5.)	Do I make a complaint? Or speak to an Immigration adviser?

Plz help, 

Thanks 

Kalai


----------



## Joppa (Sep 7, 2009)

Kalai said:


> Hi,
> 
> It would be great if someone could point me in the right direction plz.
> 
> ...


Usually, but not inevitably. As your money has been taken, you can assume your application has been received and accepted.



> 2.)	I have heard it could take up to 6 months. What will happen to me if I had not received my IDLR by end of Jan 12th 2012? Will I be kicked out of the country?
> Will I lose my job?


Your existing visa will be automatically extended, with same conditions, until they decide on your case. So you can continue in work until you hear from them.
Current processing time by post is between 9 and 18 weeks, with most people getting their decision in around 10 to 14 weeks. You are around 7.5 weeks in so all being well you should hear by the end of year or in January.

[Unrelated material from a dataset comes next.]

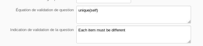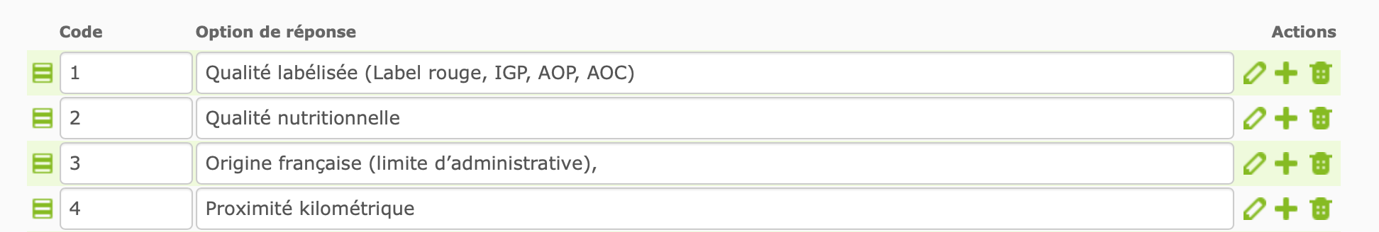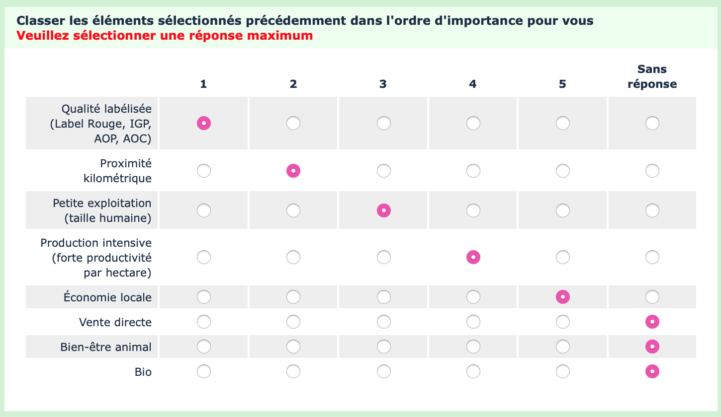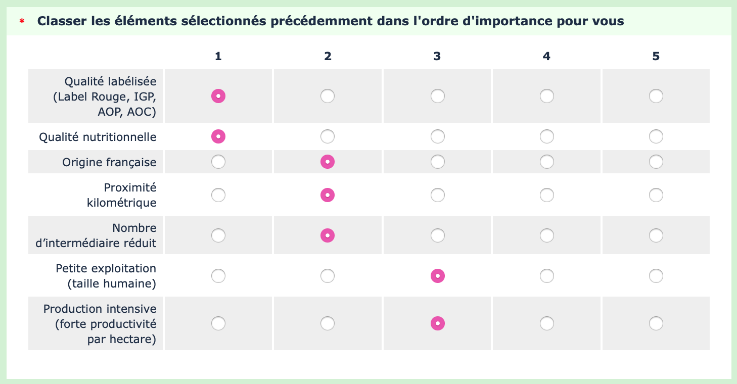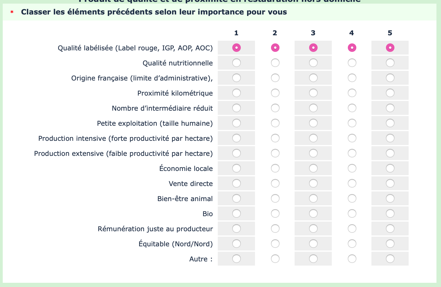 Dans la question suivante, je veux leur demander de classer 5 critères parmi ceux cochés précédemment. Pour ça, j'ai créé un tableau, avec des conditions sur les questions pour ne voir apparaitre que les réponses cochées dans la question précédente. J'aimerais qu'ils puissent classer uniquement les 5 plus importants pour eux et ce de façon unique, une question -> une réponse, j'aimerai que les réponses 1, 2, 3, 4 et 5 ne puissent être cochées que une seule fois pour avoir un classement correct. Or le format tableau ne me permet pas de faire ça. (seconde image)

> 3.) What if they declined my application after 6 months , would I be kicked out immediately, because my working visa would have expired by then.


No. You have the right of appeal. If it fails, you can still apply for extension on your work visa if you get new certificate of sponsorship (if on Tier 2) and you otherwise meet the conditions.



> 4.) Is there any way that I can upgrade now to a premium service?


No you can't. It had to be done when you applied. You can withdraw your application and re-apply under premium service, but you will lose the fees already paid and have to pay again for premium service.



> 5.)	Do I make a complaint? Or speak to an Immigration adviser?


You have no ground for complaint as they haven't broken any rules or made a mistake in processing. You can speak to an advisor but probably they say the same thing. My comment is only a general one as I don't know the specifics of your application.


----------



## nyclon (Apr 3, 2011)

I don't know the answer to all your questions. 

1.
2. You are covered under your current immigration status until your application is decided. See 16 on Set O Guidance.
3.
4. You can't upgrade to premium service after you have already sent in the application.
5. According to the UKBA website 95% of cases are decided in 6 month's time. As it's only been about 6 weeks, you hardly have a basis for a complaint.

UKBA website waiting times:

UK Border Agency | Waiting times

Also, you are supposed to apply for Indefinite Leave to Remain no more than 28 days before your visa expires. As you have applied 3 months before your visa expires, you do face the risk of having your application denied and losing your application fee. See 5 on Set O Guidance.


Set O Guidance:

http://www.ukba.homeoffice.gov.uk/sitecontent/applicationforms/settlement/guidseto04091.pdf


----------



## Joppa (Sep 7, 2009)

nyclon said:


> Also, you are supposed to apply for Indefinite Leave to Remain no more than 28 days before your visa expires. As you have applied 3 months before your visa expires, you do face the risk of having your application denied and losing your application fee. See 5 on Set O Guidance.
> 
> 
> Set O Guidance:
> ...


OP has been on work visa for over 6 years, so has already met the 5-year qualifying period, unless of course some of the time spent was on a visa/leave that doesn't count towards settlement such as working holiday or PSW.


----------



## Kalai (Nov 28, 2011)

Thx guys for quick response . It has put my mind at peace . I was mis-informed it would only take 6-8 weeks . Cheers


----------